Accessibility links

Breaking News

Russia: Putin's Religious Belief In Spotlight Following Monastery Visits


On a visit earlier this week (23 August) to the Solovetskii monastery in northwest Russia, President Vladimir Putin stressed the importance of religion in public life. As RFE/RL correspondent Kathleen Knox reports, the visit and the comments may represent more than just further evidence of Putin's personal religious beliefs.

Prague, 24 August 2001 (RFE/RL) -- Russian President Vladimir Putin made his stop at the 15th-century Solovetskii monastery during his summer vacation in the northwest of the country.

Situated on the Solovetskii archipelago in the western part of the White Sea, the monastery is a point of pilgrimage for many Orthodox believers. Patriarch Aleksei II, leader of the Russian Orthodox Church, greeted Putin and showed him around, later presenting the president with a wooden cross.

Speaking to the press during his visit -- which included trips to two other monasteries in the region -- Putin delivered something approaching a sermon on the importance of religion in public life. He said the idea of equality of all peoples before God should become the foundation of Russia's domestic and foreign policies.

He quoted the words of the 11th-century church leader Metropolitan Illarion, who once said God had saved all nations. If so, Putin said, all nations are equal in the eyes of God. This simple truth, he added, has made it possible to build a strong multiethnic state.

The president went on to say that without Christianity, Russia would not have become an accomplished state. He said it is important for Russia to return to this source now, at a time when "we are finding ourselves again and seeking moral foundations to life."

Putin's heavily religious tone would have come as no surprise to those accustomed to seeing the Russian president in an Orthodox church or hearing stories of his deep religious faith.

According to one tale, Putin underwent a conversion after rescuing his two young daughters from a burning dacha four years ago. Another story says his spiritual journey began after his mother gave him a cross, which he then had blessed at a holy site in Jerusalem.

In an interview with CNN last year, Putin himself told a story of how workers found the little cross lying in the ashes of his burned-down dacha. He claims to keep it with him at all times.

Geraldine Fagan works in Moscow for the British-based Keston Institute, which monitors religious freedoms in post-communist countries. She says it's common for Putin and other leaders to display their allegiance to the Russian Orthodox Church:

"I wouldn't say it goes very much deeper than that. It's really something that people use symbolically as a kind of show of their patriotism, because the church is so closely associated with Russia as a nation."

Still, Putin is said to be more than a typical "podsvechnik," or candlestick -- the term used to describe officials who only attend church services at the major Orthodox holidays.
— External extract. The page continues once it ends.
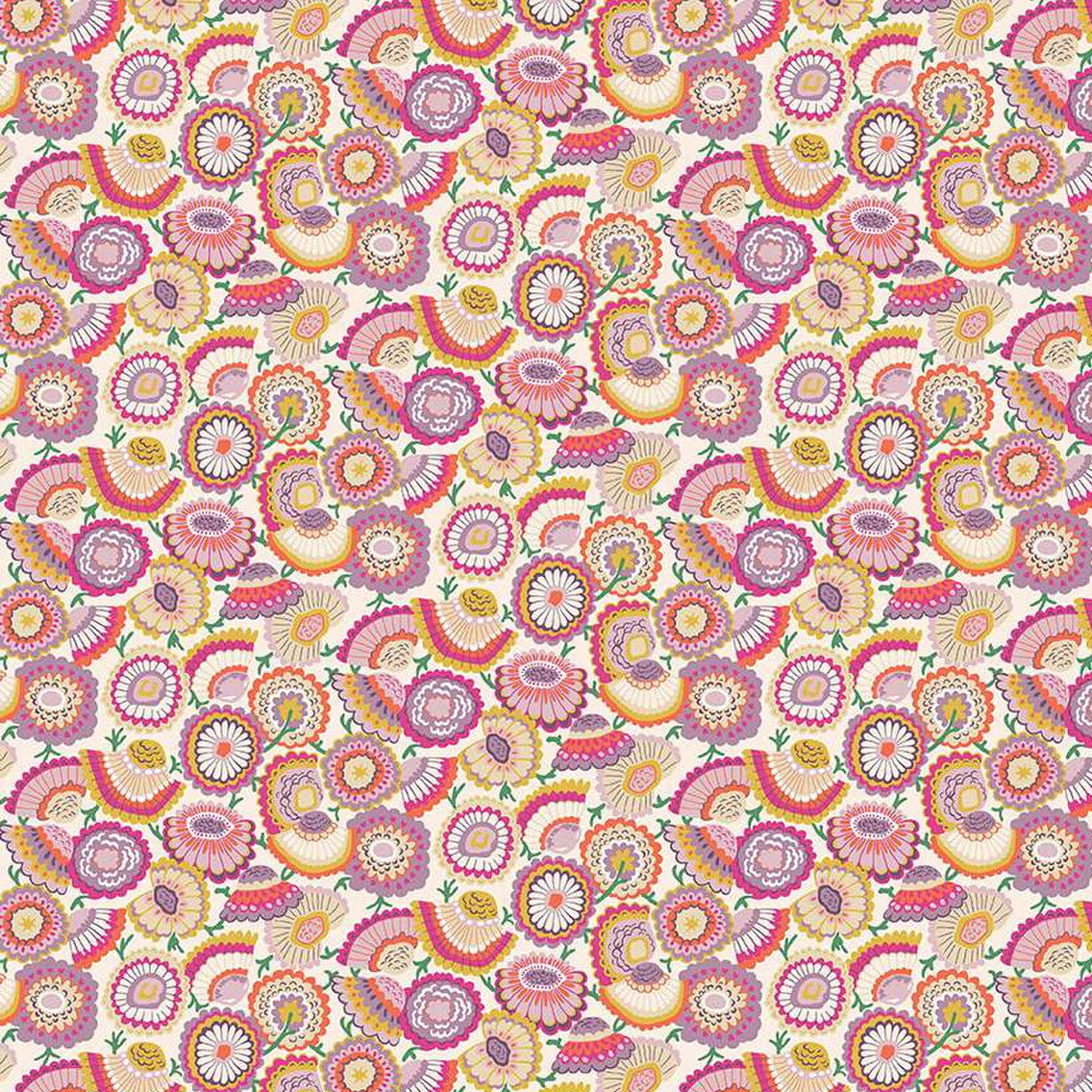 Hand-painted in the Liberty design studio using gouache, Lasenby Bloom is a floral celebration filled with joyous botanical forms. The folding and unfolding of petals mimic a beautifully choreographed dance, showcasing layers of concentric colours in a captivating, ruffled display.

"Putin is certainly always portrayed as a believer, and he portrays himself as a believer, but as president and as a politician he obviously has to balance the interests of various religions in Russia, so [regardless] of his own beliefs, he can't display himself as an out-and-out Russian Orthodox believer. If he was seen to be supporting the interests of the Russian Orthodox Church all the time, that would go against the interests of other prominent religions such as Islam, whose interests he also has to take into account professionally. So going back to his recent visit to Solovki, it's possible that one of the reasons he was emphasizing the church's belief in the equality of all peoples is really to give some kind of religious basis for support for various religions in Russia, and not just Russian Orthodoxy."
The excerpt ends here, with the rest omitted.